El
martes 27 de junio de 2017 la Suprema Corte de Justicia de la Nación, en una
decisión más que ensució su historia, convalidó
ilegalmente la ampliación del tiempo de permanencia de cuatro de los siete
magistrados del Tribunal Electoral del Poder Judicial de la
Federación (TEPJF).
Como se recodará,
de once ministros de la Corte, seis avalaron la ilícita ampliación del período
para el que fueron designados los magistrados Indalfer Infante, José Luis
Vargas, Felipe Fuentes y Reyes Rodríguez en el Tribunal Electoral (TEPJF).
El artículo 99 de
la Constitución dispone que “La elección de quienes las integren será escalonada,
conforme a las reglas y al procedimiento que señale la ley.” Tanto el Senado,
por la presión del PRI y del PAN, y después la Suprema Corte violaron esta
disposición constitucional porque aun cuando los magistrados señalados ya
habían rendido la protesta de ley por plazos menores, curiosamente fueron
beneficiados por ese acuerdo parlamentario y de la Corte, lo que los convierte
en magistrados cuyo origen está viciado.
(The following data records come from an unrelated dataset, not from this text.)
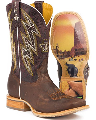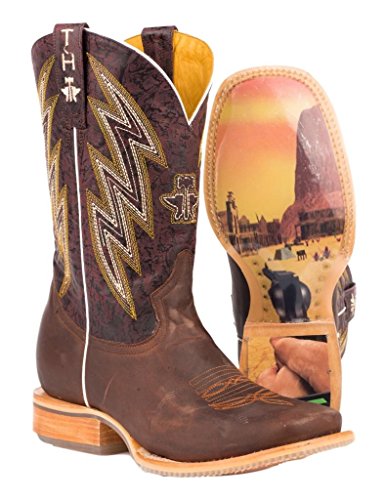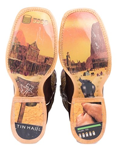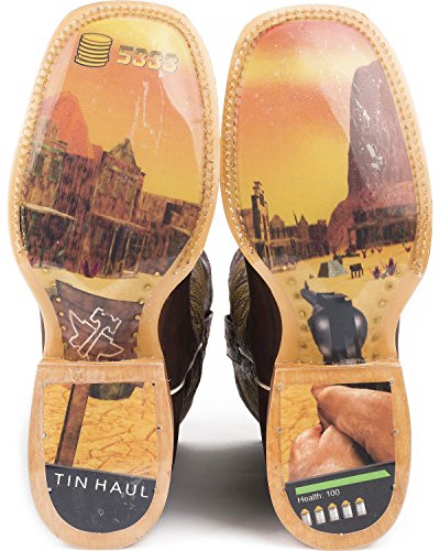 Studio : Tin Haul Publisher : Tin Haul Binding : Apparel Product Description Make a statement with your footwear in Tin Haul Cowboy boots. These killer Gunslinger boots are handmade from premium leather and feature an oily brown vamp paired with a marbled wine shaft and zig zag stitching. Kick up your feet to reveal one of Tin Haul's signature outsoles featuring a fun, old western gunslinger graphic. Stand out from the crowd in these unique boots by Tin Haul. 0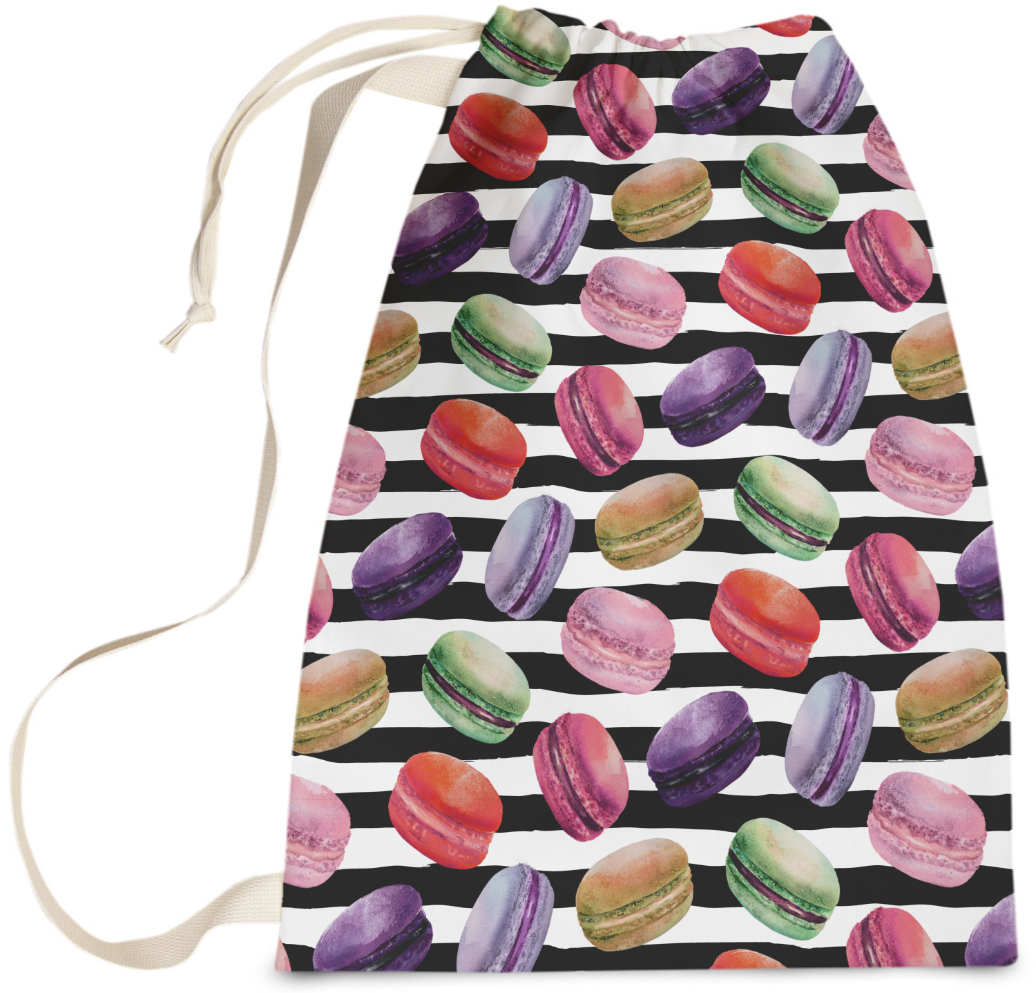 Our laundry bags are handmade in the USA; The fabric is printed using dye sublimation. The fabric is then cut and the grommets are added for the drawstring closure. The laundry bag is then sewn and the drawstring is fed through and knotted to create the cinch closure.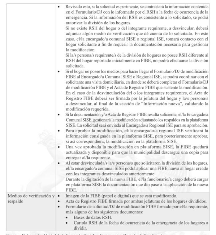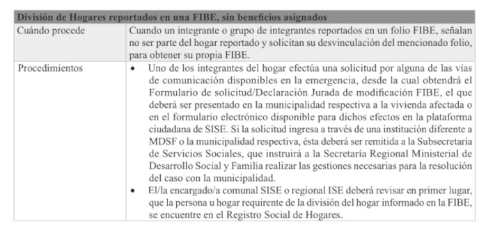 Excepcionalmente, en situaciones especiales de solicitud de división de hogares con FIBE en estado terminada y con beneficios asignados, y mientras el evento se encuentre activo en SISE, se podrá gestionar una modificación en ese sentido, previa realización de un proceso de supervisión abreviado que se encontrará regulado en el manual de supervisión de la Subsecretaría de Servicios Sociales.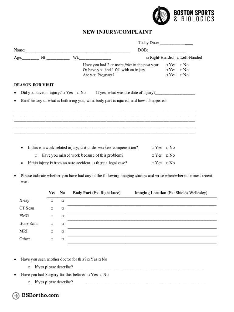 Get the free NEW INJURY/COMPLAINT - Carpal Tunnel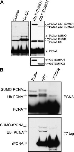 Figure 2. PCNA is monoubiquitylated and sumoylated during DNA replication. (A) X. laevis egg extract was incubated with sperm chromatin and either buffer, 0.5 μg/μL His-tagged ubiquitin, 0.5 μg/μL GST-SUMO1, or 0.5 μg/μL GST-SUMO2. Chromatin was isolated and analyzed by Western blotting with an antibody recognizing PCNA. The bottom blot shows a Western blot, using an antibody recognizing GST, of the sample before chromatin isolation. (B) X. laevis egg extract was incubated with sperm chromatin and either buffer, 200 ng/μL T7-PCNA (rWT), or 200 ng/μL T7-PCNA (rK164R). Chromatin was isolated and analyzed by immunoblotting with an antibody recognizing either PCNA or the T7 tag.

Es sucio desde allí.
Los magistrados
que aprobaron la candidatura de Rodríguez Calderón, aunque el INE estudió, rechazó
y documentó los errores y las trampas en las firmas, son José Luis Vargas,
Indalfer Infante, Mónica Soto y Felipe Alfredo Fuentes. Nada raro.
Son tres de
los cuatro sospechosamente beneficiados con la ilegal decisión del Senado y de
la Corte. Algo muy sucio debe esconderse atrás de ese hecho.
Veamos:
En la
documentación del caso, el INE descubrió 58% de firmas ficticias; 810 mil 995
firmas (nombres) que no existen en la lista nominal, 158 mil 532 simulaciones
de firmas, 17.3 millones de pesos de financiamiento sospechoso y dinero de
origen sospechoso.
Algo
huele a podrido en la Sala Superior de ese tribunal. Baste decir que los cuatro
magistrados que aprobaron la candidatura de Rodríguez Calderón (que de bronco
no tiene nada), afirmaron textualmente que “existe la SUPOSICIÓN y LA
POSIBILIDAD de que en una revisión adicional tal vez (¡Tal vez!), ese aspirante
a la candidatura presidencial lograría reunir las 16, 656 firmas que le
faltan”… ¡Impresionante y portentoso argumento jurídico!